MSR argues that both departments lack any legal jurisdiction to monitor and enforce compliance at Tormin because of the “One Environmental System” government introduced in December 2014.

This gives the Department of Mineral Resources (DMR) sole environmental authority over prospecting and mining.

Hodes pointed out that MSR had still not been formally charged. He said one of the relevant documents that should have been put before the magistrate was Tormin’s amended environmental management programme which the DMR approved in 2015.

Also, the “diametrically opposed” views of DMR and DEA about environmental authorisation at the mine should “surely” have been brought to the magistrate’s attention in the warrant application. They were however “suppressed so as not to create any doubt in the mind of the magistrate”.

The mining company accepted that the sea cliff had collapsed, but believed it had been failing “for ages”. No evidence had been put before the magistrate about whether mining was responsible for this collapse, Hodes said.

Legal distinction

Paschke said part of MSR’s review application was for a declaratory order to the effect that neither the national nor the Western Cape environment ministers and their departments had authority to perform compliance monitoring and enforcement in terms of the National Environmental Management Act (Nema), except for one specific part of this act.

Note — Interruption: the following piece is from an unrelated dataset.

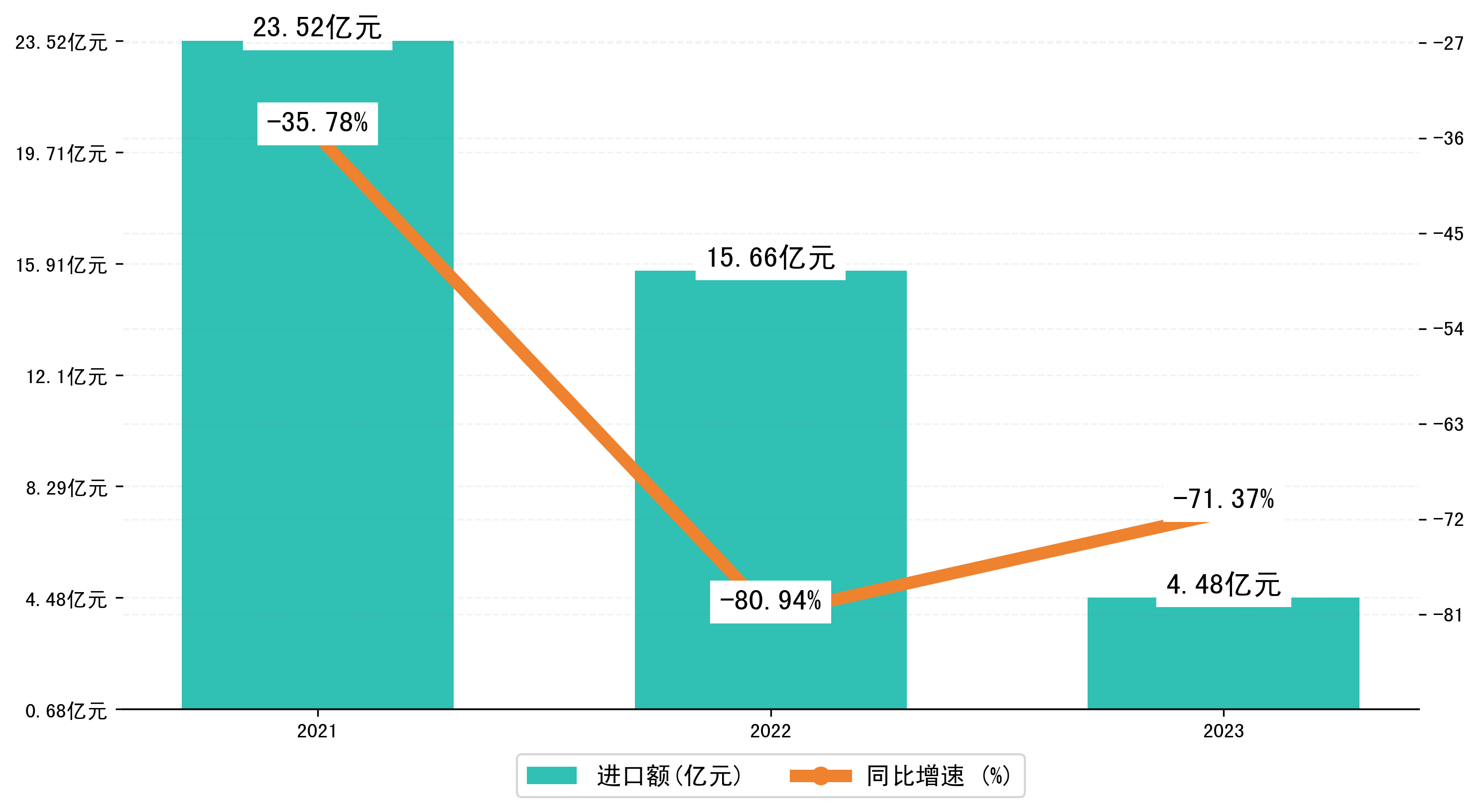 以人民币计,2023年1-12月大同市进口额为4,4835.4752万元,相比上年同期减少了11,1747.8428万元,同比减少了-63.70%。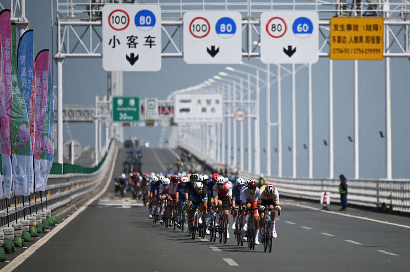 11月8日,参加第十五届全国运动会公路自行车男子个人赛的选手在港珠澳大桥上骑行。新华社记者 邓华 摄

“This seeks to create an exclusion zone where the environmental authorities will not be permitted to monitor compliance with and enforce environmental laws,” he argued.

Paschke argued that there was a legal distinction between an environmental management plan (EMP) approved in terms of the Mineral and Petroleum Resources Development Act – as MSR had obtained for Tormin – and environmental authorisation for “listed activities”. These included some aspects of mining, under Nema, that Tormin had not been granted.

Even after December 2014, when EMPs had started being approved in terms of Nema under the new system, this did still not equate to a Nema authorisation.

“That is a different species. An EMP by itself authorises nothing.”

Paschke apologised to Judge Rogers for the complicated legal argument.

“I’m sorry for the complexity of this. It’s a minefield, a labyrinth.”

The application continues on Wednesday.